I’m beginning to feel like there might be something wrong with me that I’m transfixed by the Chilcot Inquiry into the Iraq War currently underway in the UK. Am I an anglophile, secretly envying their formality, their tweeds, their historic Monarchy? Did I never get over the "British Invasion" Rock and Roll? Am I starstruck by names like Sir Roderic Lyne or Jack Straw? Has everyone else just accepted that we bundled ourselves off to war based on flotsam and jetsom masquerading as intelligence and got countless thousands killed in the process?

Says Ralph, "It’s a tendency to chalk that up to the media being ‘owned’ [in more ways than one] by corporate American — and maybe they think it’s not good for business to remind the American people of this tawdry piece of our recent history." And Joy, "I wonder what will happen if real heads roll after this inquiry is completed.
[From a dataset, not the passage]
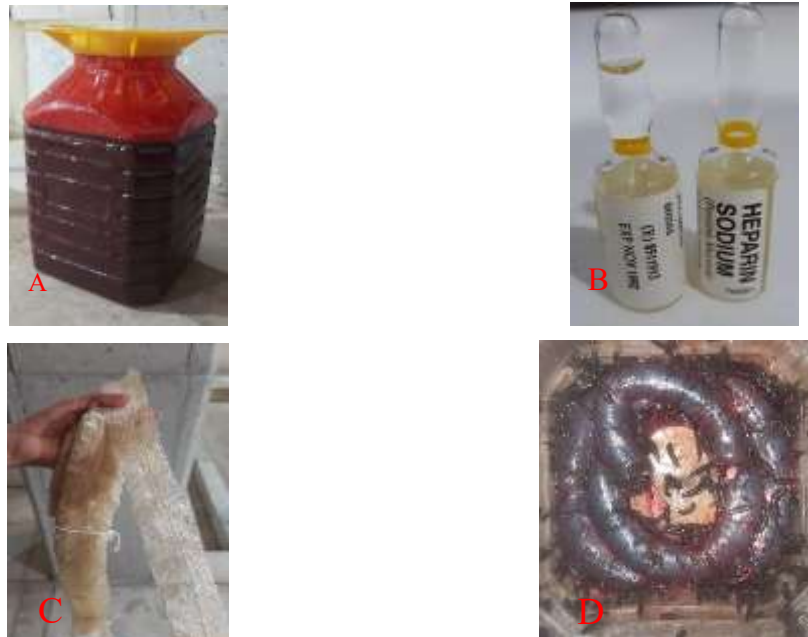
شکل ۱: پت حاوی خون تازه گاو (A). ویال هپارین برای جلوگیری از انعقاد خون در زمان جابه جایی تا خون دهی به زالوها (B). روده خشک استریل گاو (C). تغذیه زالوها از خون ریخته شده داخل روده گاو (D)

What does it take to have our own inquiry? Lying us into war sounds good enough to me, but what do I know. My Dad use to say on a regular basis ‘don’t saw sawdust." I’ll have to admit that ‘"don’t saw sawdust" is a pretty wonderful saying I’d never heard, and it may be the explanation for the silence after all.

I might chalk it up to the general self-preoccupied [and mildly psychotic mood] of the country right now – tea baggers, Beck, Limbaugh, Palin, Senator Shelby from Alabama, etc. But it feels more specific than that. My best guess is that Sadam Hussein was kind of horrible and no one minds him being out of the picture; the feelings for the UN are weak in these post Cold War days; but the biggest force is the memory in our collective unconscious about the Viet Nam War era. It was the time of the Hawks and the Doves, the Draft, the protests, the Hippies, the Yippies, the mistreatment of returning veterans, My Lai, P.T.S.D., the helicopter evacuations, drugs-sex-and-rock-and-roll. It was a period of great disillusionment.

 

My guess is that we don’t want to go through another great disillusionment, particularly with our troops still there. And I think there may be a positive motive – respect for our troops – not making our soldiers feel as bad as many Viet Nam veterans still feel. So to my title America Right or Wrong: how wrong?… The Iraq War was way too wrong for me, but I’m not sure it was wrong enough for most people. To me, Viet Nam was a mistake in the context of a policy [containment of communism]. Iraq was an arrogant, impatient, illegal assertion of a crazy idea – American Exceptionalism. But maybe right now, people actually want to hold onto American Exceptionalism in this era when we’re feeling bruised by 9/11, the recession, and two semi-failed wars. Maybe that’s why a lunatic like Sarah Palin holds such wide appeal…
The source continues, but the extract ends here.